Prefer the trusted workflow on main, target the exact release SHA:

  • Keep trusted-workflow checks compatible with frozen release targets. If main adds a target-owned guard script or package command after the release branch cut, make the trusted workflow skip only when that target surface is absent. Heal the trusted workflow before rerunning validation; do not port an unrelated runtime refactor or mutate the release candidate just to satisfy a newer main-only check.
bash
gh workflow run full-release-validation.yml \
  --repo openclaw/openclaw \
  --ref main \
  -f ref=<release-sha> \
  -f provider=openai \
  -f mode=both \
  -f release_profile=full \
  -f rerun_group=all

Use release_profile=stable unless the operator explicitly asks for the broad advisory provider/media matrix. Stable and full profiles force the release soak; the beta profile may opt in with run_release_soak=true. Use narrow rerun_group after focused fixes. Publish with openclaw-release-publish.yml using release_profile=from-validation unless a maintainer intentionally wants to cross-check a specific profile; the publish workflow reads the effective profile from the full-validation manifest.

Watch

Use the summary helper instead of repeated raw polling:

bash
node .agents/skills/release-openclaw-ci/scripts/release-ci-summary.mjs <full-release-run-id>

Then watch only when useful:

bash
gh run watch <full-release-run-id> --repo openclaw/openclaw --exit-status

Stop watchers before ending the turn or switching strategy.

Failure Triage

  1. Confirm parent SHA and child run IDs.
  2. List failed jobs only:
    bash
    gh run view <child-run-id> --repo openclaw/openclaw --json jobs \
      --jq '.jobs[] | select(.conclusion=="failure" or .conclusion=="timed_out" or .conclusion=="cancelled") | [.databaseId,.name,.conclusion,.url] | @tsv'
    
  3. Fetch one failed job log. If rate-limited, note reset time and avoid more REST calls.
  4. For secret-looking failures, validate a real completion from the same secret source before editing code. A successful model-list request is insufficient.
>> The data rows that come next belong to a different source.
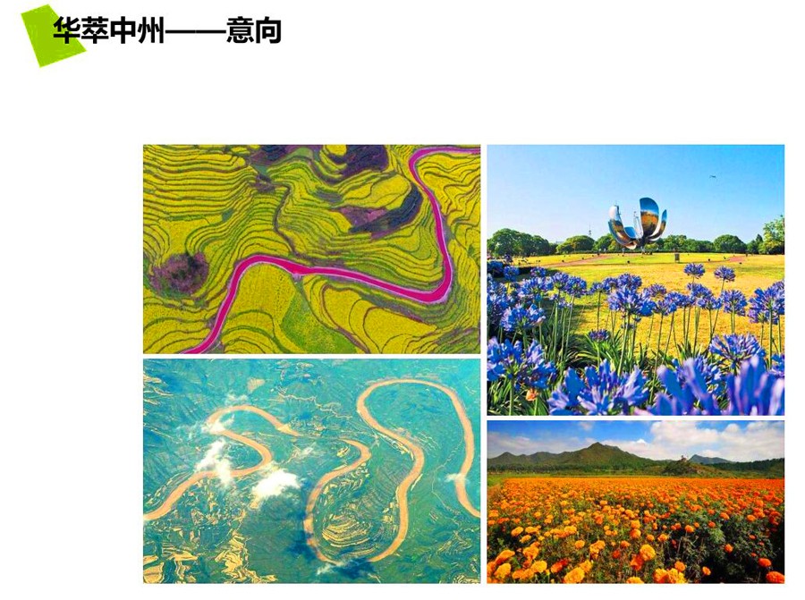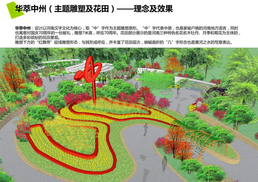 华萃中州,设计以河南汉字文化为核心,取“中”字作为主体雕塑原形。“中”字代表中原、中州,也是家喻户晓的河南地方语言,同时也寓意对国庆70周年的一份献礼。雕塑7米高,呼应70周年。花田部分展示的是以河南特色名花名木牡丹、月季和菊花等为主体的缤纷花田景观。
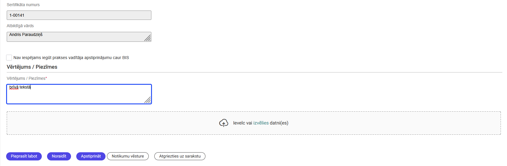 Lai apstiprinātu ierakstu, jāievada informācija brīvā tekstā laukā “Vērtējums/Piezīmes” un iespējams papildus pievienot vienu vai vairākas datnes.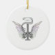 Ornamento De Cerâmica Monograma inicial da letra T com asas & halo do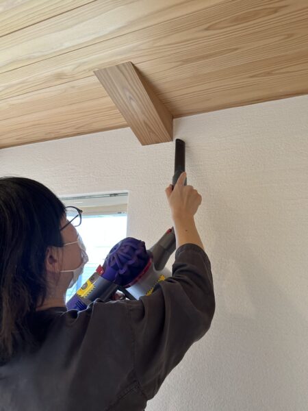 まず最初に掃除機で壁に付いてる埃を吸っていきます。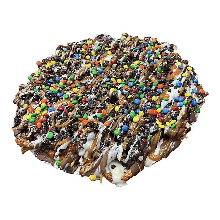 A combination of Milk, Dark & White Chocolate drizzled over pretzels, Oreo pieces, chocolate chips and M&Ms topped with caramel! 14 inch round chocolate pizza co,es in pizza box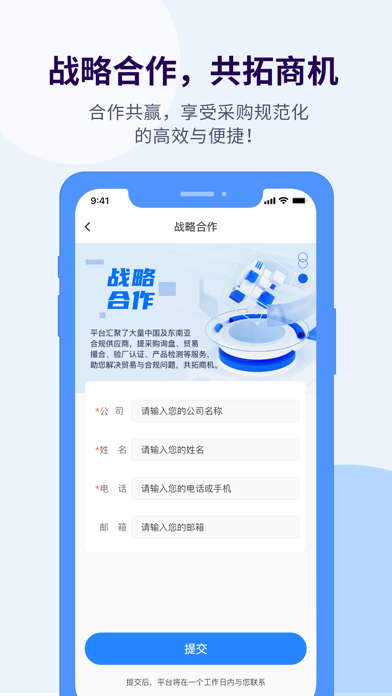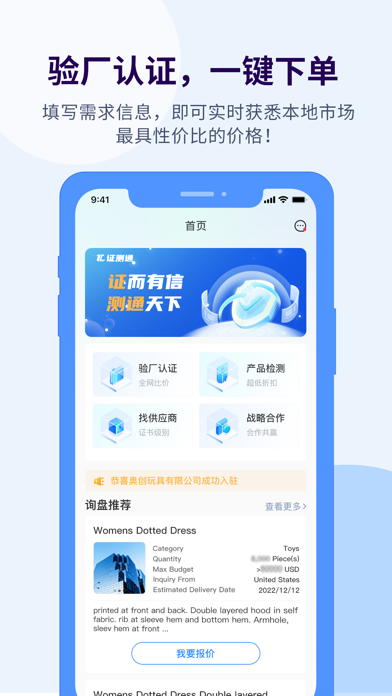 证测通是汇集认证、检测与培训的综合性一站式服务平台,致力于为全球客户在供应链合规上提供更透明高效便捷的服务! 平台将数字化、人工智能、云计算等智能技术应用于认证检测培训领域,为用户提供企业认证、产品检测、贸易撮合及培训等高质量服务。努力让企业和机构、咨询单位对接更加规范化,让用户能够在平台享受更透明、便捷、高效、安全的服务,满足企业多样化发展与降本提效的需要。 证测通平台本着“为每笔交易灌注信任,为合规贸易保驾护航”的美好愿景,为客户提供高效数据化平台,满足认证检测需求,打造更安全可靠的贸易集散地,让消费者享受品质生活,保障品质安全,推动合规创新。优化用户体验。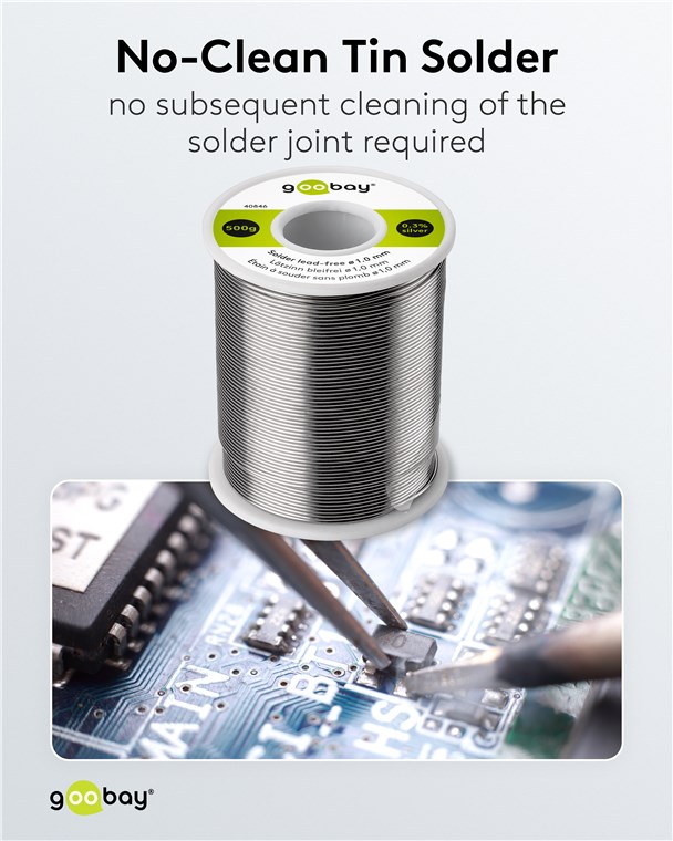 Alles im Flow: Mit dem schmalen Durchmesser ist das Zinn einfach zu dosieren und ideal für Präzisionsarbeiten geeignet, z. B. für Lötarbeiten an elektrischen Bauteilen und Geräten wie Leiterplatten, Platinen, SMDs, DIP, Kabel, Fernseher, Kopfhörer oder Mikrofone. Das eingearbeitete No-Clean-Flussmittel ist besonders komfortabel, da du es nach dem Löten nicht extra von der Lötstelle entfernen musst.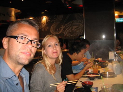 Last night we went out to a Shabu Shabu and sushi place for Easter dinner. Shabu Shabu is a Japanese style hot pot where you get a thin soup but can add all sorts of stuff to it – just the way you like it. They had meat, herbs, noodles, squid, fish and a lot of other unidentifiable stuff. The sushi was also good and I think we have not eaten as much the whole trip.
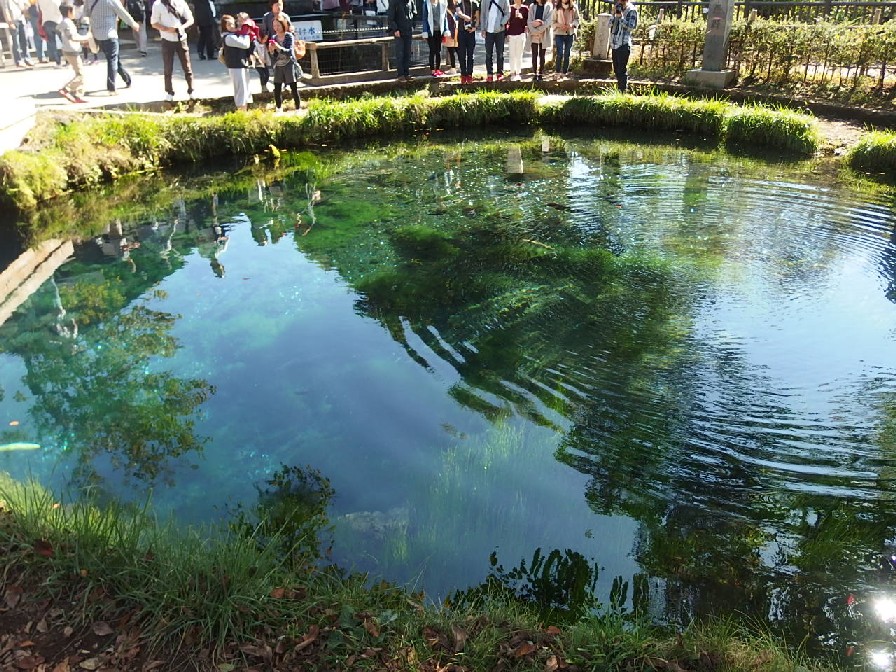 忍野八海の湧水は、富士山に降った雪や雨がおよそ20年以上の時間をかけ、地下水としてロ過されてきたものというから池の澄んだ色も秘密!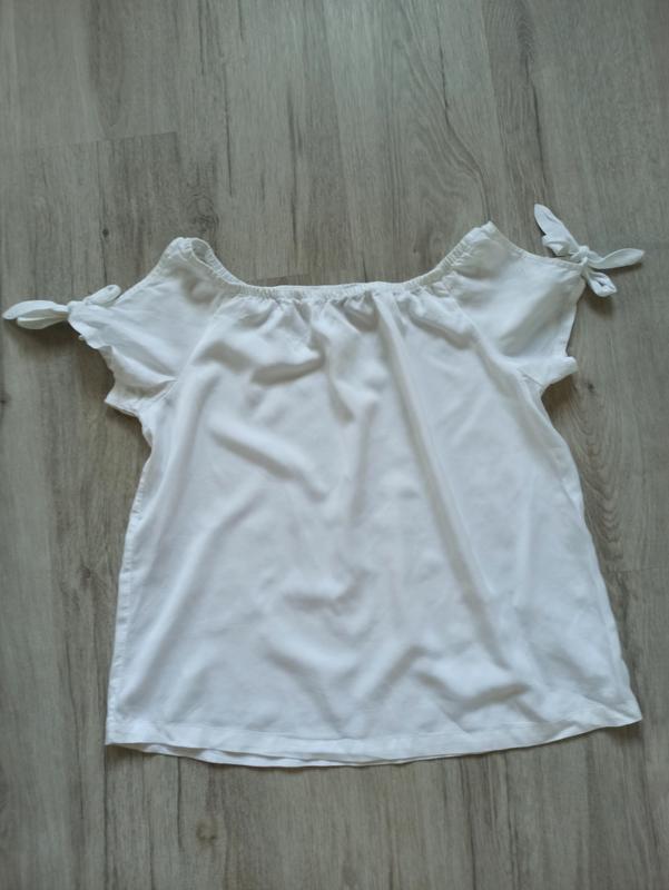 гарна біла літня блуза, довжина 62 рукав 18, п/ р 57, плечі відкриті.

Claude CLI subscription credentials are a separate native auth path; prove them in a clean-home CLI probe, never as a substitute for a required Anthropic API-key lane.
  5. For live-cache failures, inspect whether it is missing/invalid key, empty text, provider refusal, timeout, or baseline miss. Do not weaken release gates without clear provider evidence.
  6. Fix narrowly, run local/changed proof, commit, push, rerun the smallest matching group.
  7. If a required PR CI run is capacity-stalled with queued jobs and no active jobs, do not cancel unrelated work or accept a generic manual dispatch. From the PR head branch, dispatch the explicit exact-SHA fallback: gh workflow run ci.yml --repo openclaw/openclaw --ref <pr-head-branch> -f target_ref=<full-pr-sha> -f include_android=true -f release_gate=true. It runs on GitHub-hosted runners and is accepted only when its run title is CI release gate <full-pr-sha>. Record the stalled Blacksmith run and the fallback run in release evidence. If Blacksmith Build Artifacts Testbox is the only remaining required gate and remains queued without a runner, that completed exact fallback may cover it because CI's build-artifacts job already builds, packages, and smoke tests the artifacts. Do not use this coverage after the artifact workflow starts or completes non-successfully.

Evidence

Record:

  • release SHA
  • full parent run URL
  • child run IDs and conclusions: CI, Release Checks, Plugin Prerelease, NPM Telegram, Product Performance
  • performance comparison result versus earlier releases when available
  • targeted local proof commands
  • provider-secret preflight result
  • known gaps or unrelated failures

For lessons and recovery patterns, read references/release-ci-notes.md.